Di sisi lain, jumlah penerima zakat (mustahik) justru meningkat. Data Bank Dunia menunjukkan, kelompok fakir miskin masih berkisar 60 persen dari populasi. Selain itu, ada kelompok masyarakat yang terjerat pinjaman daring hingga mencapai 120 juta orang, pekerja migran yang tereksploitasi, dan ratusan ribu pelajar penerima bantuan pendidikan.
“Realitas ini memperlihatkan jurang yang lebar antara kekuatan zakat sebagai sumber daya dengan pengelolaannya. Kepemimpinan BAZNAS ke depan harus paham sisi teologis sekaligus piawai dalam manajemen modern dan strategi pemberdayaan,” ujar Sodiq.
Ia menekankan, program zakat perlu diarahkan ke pendayagunaan yang produktif.
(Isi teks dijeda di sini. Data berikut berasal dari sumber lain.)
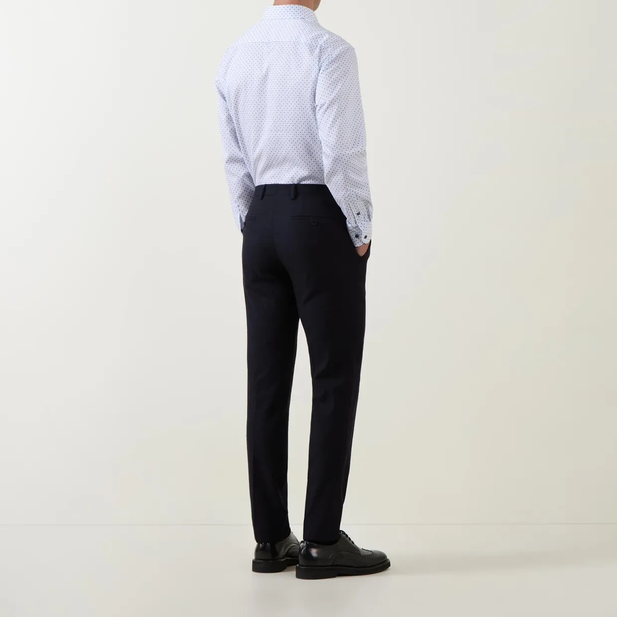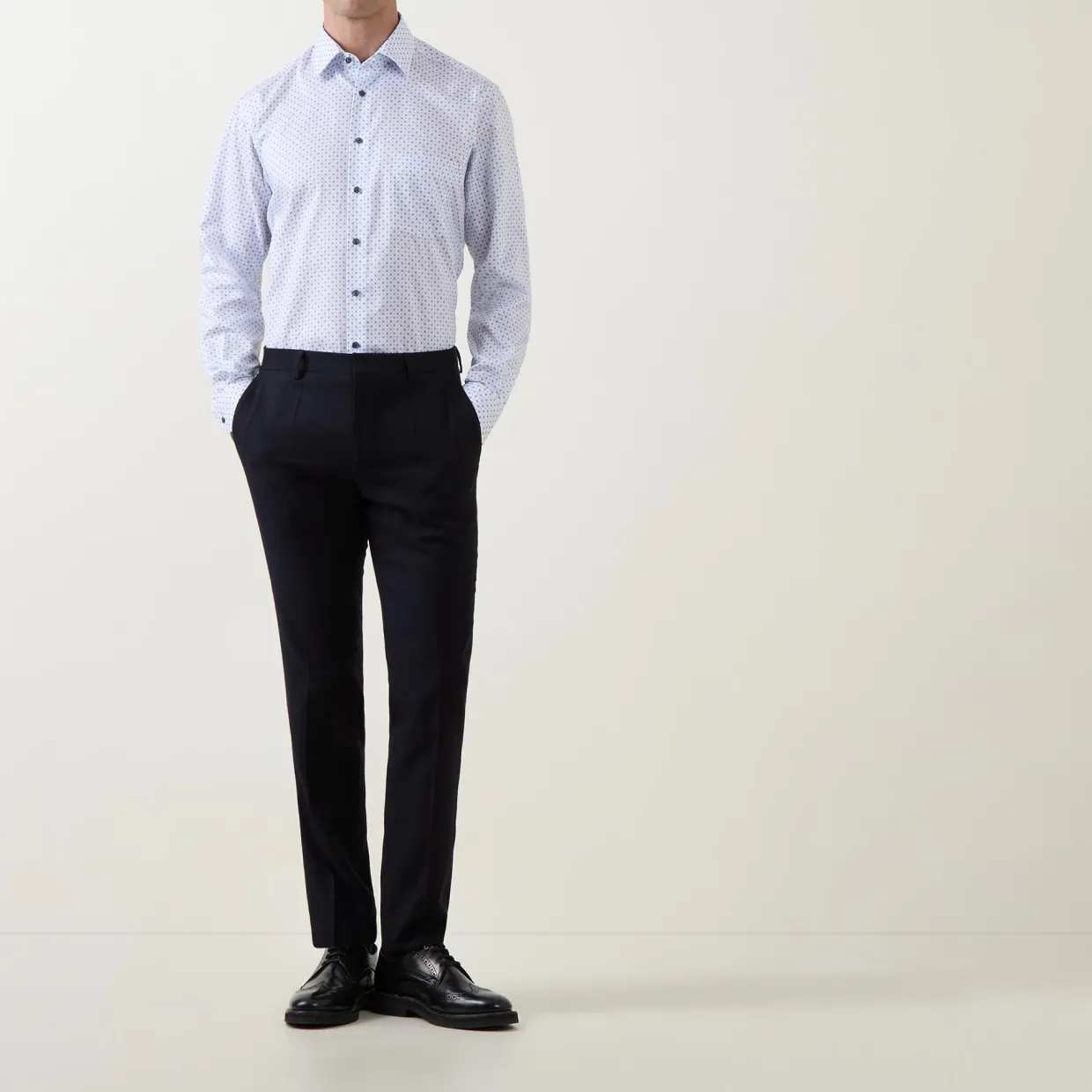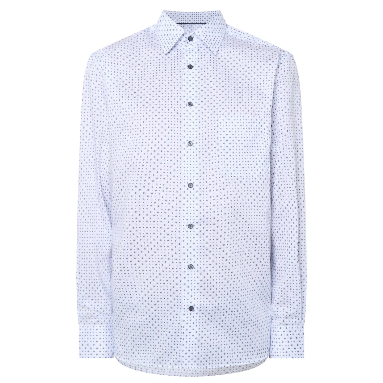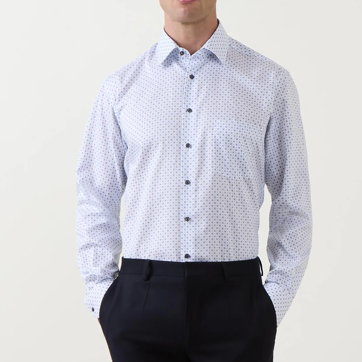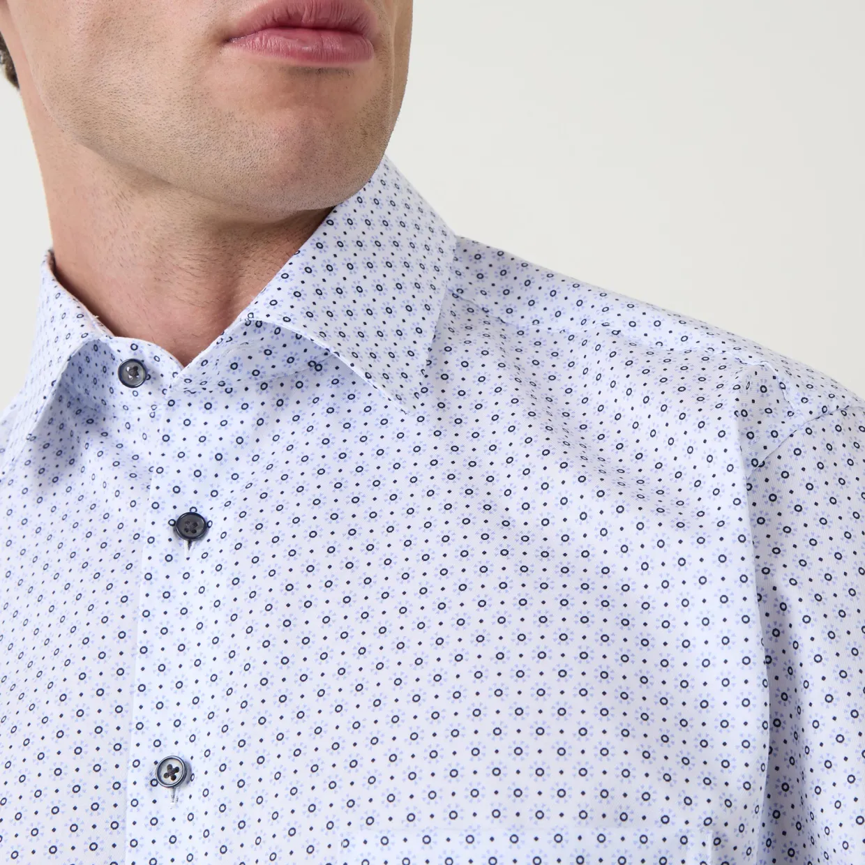 - Geometric print, pointed collar, long sleeves, single cuffs, button fastenings, curved hemline
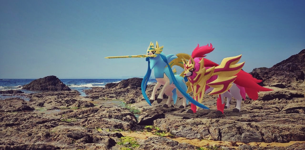 ‘Upon the ancient shores where land meets the endless sea, the legendary heroes Zacian and Zamazenta emerge, their radiant blades gleaming under the sun. Said to be protectors of balance and guardians of honor, they stand vigilant against unseen threats, their presence a reminder that even in times of peace, the world is safeguarded by timeless courage and unwavering loyalty.’

Indonesia memiliki lebih dari 66 juta pelaku UMKM, mayoritas muslim. Jika mereka mendapat dukungan dana zakat produktif beserta pelatihan manajemen, akses pasar, dan penguatan kapasitas, hal itu diyakini dapat melahirkan kemandirian sekaligus muzakki baru.
Sodiq juga mendorong adanya lima langkah strategis dalam transformasi BAZNAS. Pertama, membangun ekosistem zakat dengan sinergi antara pemerintah, swasta, dan masyarakat sipil. Kedua, digitalisasi zakat dengan basis data muzakki dan mustahik yang terintegrasi. Ketiga, penguatan kapasitas amil sebagai agen perubahan.
Keempat, pembentukan unit khusus pemberdayaan zakat produktif untuk merancang program jangka panjang dan pendampingan usaha. Kelima, memperluas kolaborasi dengan sektor pendidikan, kesehatan, ketenagakerjaan, dan lingkungan.
“Indeks Pembangunan Manusia, indeks kesehatan, hingga indeks kebahagiaan seharusnya menjadi ukuran nyata dari keberhasilan zakat. Saatnya BAZNAS menjadi motor kemandirian umat,” ujar Sodiq.